When working with gene expression data, several special considerations affect our choice of evaluation metrics:

1. Scale Dependencies: RNA-seq data often spans several orders of magnitude. Consider whether to evaluate predictions on raw counts, log-transformed values, or normalized expression scores.

2. Biological Relevance: Sometimes being wrong by a factor of two (one log2 unit) matters more for lowly expressed genes than highly expressed ones. Consider using custom evaluation metrics that weight errors based on expression level.

3. Technical Variation: Account for technical noise when interpreting prediction errors. If your prediction error is similar to technical replicate variation, you may be approaching optimal performance.

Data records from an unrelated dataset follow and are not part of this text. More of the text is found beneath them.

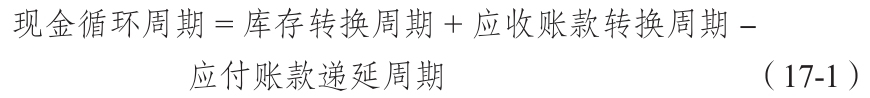 圖17-3顯示的是計算現金循環週期的數據。這些數據由公司不同部門控制。目前應付賬款金額是採購部門基於信用基礎和供應商協商的結果,即公司欠供應商的賬款。該金額取決於公司的信用。
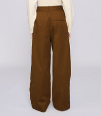 - Structured material. - Long loose cut. - Mid-rise. - Permanent crease on the front and back. - Two side pockets and one back pocket. - Hidden buttoning. Size Advice - Nadine is 5'9 tall and is wearing size 36. Composition & Material - 100% cotton. - Italian material. - Made in Tunisia. - Machine wash cold (86°F) inside-out.
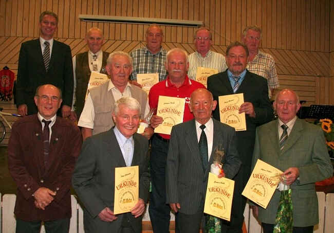 Und entsprechend jung und unterhaltsam hatten die Verantwortlichen um den 1. Vorsitzenden Hubert Sämann auch das Festbankett im örtlichen Sportheim gestaltet, bei dem u. a. langjährige Mitglieder geehrt werden konnten, deren Geburtsjahr mit dem Gründungsjahr des Vereins zusammenfällt. Der Chronik von Annette Walz war zu entnehmen, dass der „Wodan“ als ältester Verein im Dorf von je her nicht nur für die sonntäglichen Radtouren, sondern auch für das kulturelle und gesellschaftliche Leben im damalige Dumbach und heutigen Donebach verantwortlich zeichnete. Unter diesem Aspekt veranstaltete er neben der Teilnahme an Korsos, Festbesuchen und Ausflügen auch Weihnachtsfeiern, Theateraufführungen, Christbaumverlosungen, Fastnachtsveranstaltungen und Sommerfeste. Selbst bei weltlichen und kirchlichen Festen war und ist der Wodan stets präsent. Annette Walz erinnerte u. a. an die Glockenweihe oder den Festzug zum Jubiläum des Mudauer Musikvereins, aber auch an die Zwangsruhepausen des Vereins durch Kriege oder Aera bedingtes Desinteresse. Dennoch war der „Wodan“ von je her ein Stehaufmännchen und kann inzwischen auf über 200 Mitglieder , eine neu restaurierte Vereinsfahne und einheitliche Radlertrikots in den Vereinsfarben Rot-Gelb stolz sein. Und das sind sie auch - die Wodaner - stolz auf ihre Vereinsfarben, die sie gut sichtbar und damit sicher durch den Straßenverkehr bringen und stolz auf ihren Verein, der mit seinem überdurchschnittlichen ehrenamtlichen und kameradschaftlichen Engagement so wichtig für die Ortschaft war und ist. Nicht nur, dass er in seinem 3. Frühling seit 1983 von April bis September wöchentlich vier Radtouren in den unterschiedlichsten Schwierigkeitsstufen anbietet und bestens mit den örtlichen und allen Mudauer Vereinen zusammen arbeitet (Wir erinnern uns an den erfolgreichen Renner im Odenwald), er hat auch das Kriegerdenkmal in Donebach angeschafft, sich im alten Rathaus in Eigenregie ein Vereinsheim eingerichtet und pflegt das benachbarte Denkmal. Seine Spenden für die Spielplätze in Donebach und Ünglert waren unerlässlich und als jüngste Anschaffung gilt die Krippenfigur für die Filialkirche. Für diese empfahl Pfarrer Werner Bier in seinen Grußworten, sie auf den Namen Lazarus zu taufen. Denn der sei von Jesus auferweckt worden. Was der Chronik des Wodan mit seinen mehrfachen Auferstehungen doch sehr ähnlich sei. In den lobenden Worten von Bürgermeister Dr. Norbert Rippberger wurde noch einmal der Bekanntheitsgrad des Vereins deutlich, der bis weit über die Grenzen der Odenwaldgemeinde zum Werbeträger Mudaus geworden sei. Er gab auch seiner Bewunderung für die Gründungsväter Ausdruck, die ohne technischen Schnickschnack, Gangschaltung oder gar E-Bike bereits weite Strecken mit Odenwälder Höhenmetern zurück gelegt haben und sicher voll Stolz auf die heutige Generation mit deren engagierten ehrenamtlichen Wirken blicken würden. Ortsvorsteher Franz Brenneis schloß sich diesem Lob an und ließ die Gründungszeit mit Blick auf Baden und Dumbach Revue passieren. Wie verbunden sich die Wodaner mit Baden fühlen, sei schon an ihren Vereinsfarben ersichtlich. Und die Verbundenheit zum Verein selbst wurde bei den Ehrungen für 60, 50, 40 und 10 Jahre Mitgliedschaft deutlich. Wie Hubert Sämann so treffend bemerkte, lebt der Verein von seinen Mitgliedern, die ihn tragen. Gern und voll Stolz übernahm er die Aufgabe, so viele „lang gediente“ und jung gebliebene Mitglieder mit Urkunde und Präsent auszeichnen zu können. Seit zehn Jahren ist Michael Ehrmann dabei, seit 40 Jahren gehören Erwin Brenneis, Franz Brenneis, Werner Brenneis, Leo Damm, Gerhard Frank und Karl Werner zum Donebacher Radfahrverein und seit 50 Jahren Bruno Haas. Für stolze 60 Jahre Mitgliedschaft im „Wodan“ wurden Bernhard Grimm, Walter Kugler, Hermann Müller, Franz Scharmann, Walter Scheuermann und Willi Weimer – alle aus dem Ünglert mit offensichtlich besonders gesunder Luft – sowie Alfons Köhler, Karl Schäfer und Erwin Volk gewürdigt, bevor Trudbert Mechler als 2. Vorsitzender des „Wodan“ das Mikrofon übernahm, um einen völlig verdutzten Hubert Sämann für 18 unbeschreiblich engagierte Jahre als 1. Vorsitzender mit Urkunde und Präsentkorb auszuzeichnen und zu danken. Gabi Sämann wurde als „mitgewählte“ Frau des 1. Vorsitzenden mit einem Blumengebinde bedacht. Im Namen der örtlichen Vereine gratulierte Norbert Schnetz, der die 18-jährige Ehrung kommentierte mit „Nun ist der Hubert volljährig und darf praktisch jedes Fahrrad fahren“. Wie volljährig er ist, hatte Sämann bereits bewiesen, als er es im Namen der Wodan-Mitglieder abgelehnt hatte, den diversen Verbänden bis hin zum Bundesverband beizutreten, nur um evtl. und möglicherweise Rennen wie den „Renner im Odenwald“ ausrichten zu dürfen. Denn das hätte bedeutet dass der Jahresbeitrag nahezu verdreifacht werden muss. „Das konnte ich unseren treuen Mitgliedern einfach nicht zumuten“. Da lieferte er doch lieber „als Vereinsdiener des Wodan seit über 50 Jahren“ in einem 5. Zwerchfell trainierenden Grußwort die „richtige und einzige Wahrheit“ über den 1. Vorsitzenden und über E-Bike-Fahrer im Verein, bevor er als Hubert Sämann all den fleißigen Helfer dankte, die zum Gelingen des Festbanketts beigetragen hatten und zum gemütlichen Teil des Abends mit Tanz zur Musik von „No limit“ überleitete.

4. Missing Values: RNA-seq data often contains zeros that may represent either true absence of expression or technical dropouts. Consider how your evaluation metrics handle these cases.

🧬 Conclusion: Integrated Evaluation in Genomics

In genomic applications, no single metric tells the complete story. MAE provides interpretable error magnitudes, RMSE highlights potentially interesting outliers, and R² helps us understand our model's explanatory power within the context of gene expression variation.

For expression prediction specifically, consider:

• Using MAE for clear communication with other researchers

• Monitoring RMSE to identify genes with unusual regulation

• Examining R² in the context of known technical and biological variation

• Visualizing predictions to understand model behavior across expression ranges

• Implementing custom metrics that capture biological relevance

Remember that the choice of metric should align with your biological questions and the downstream applications of your predictions. Whether you're studying differential expression, identifying regulatory relationships, or predicting disease states, your evaluation metrics should reflect what matters most for your specific research goals.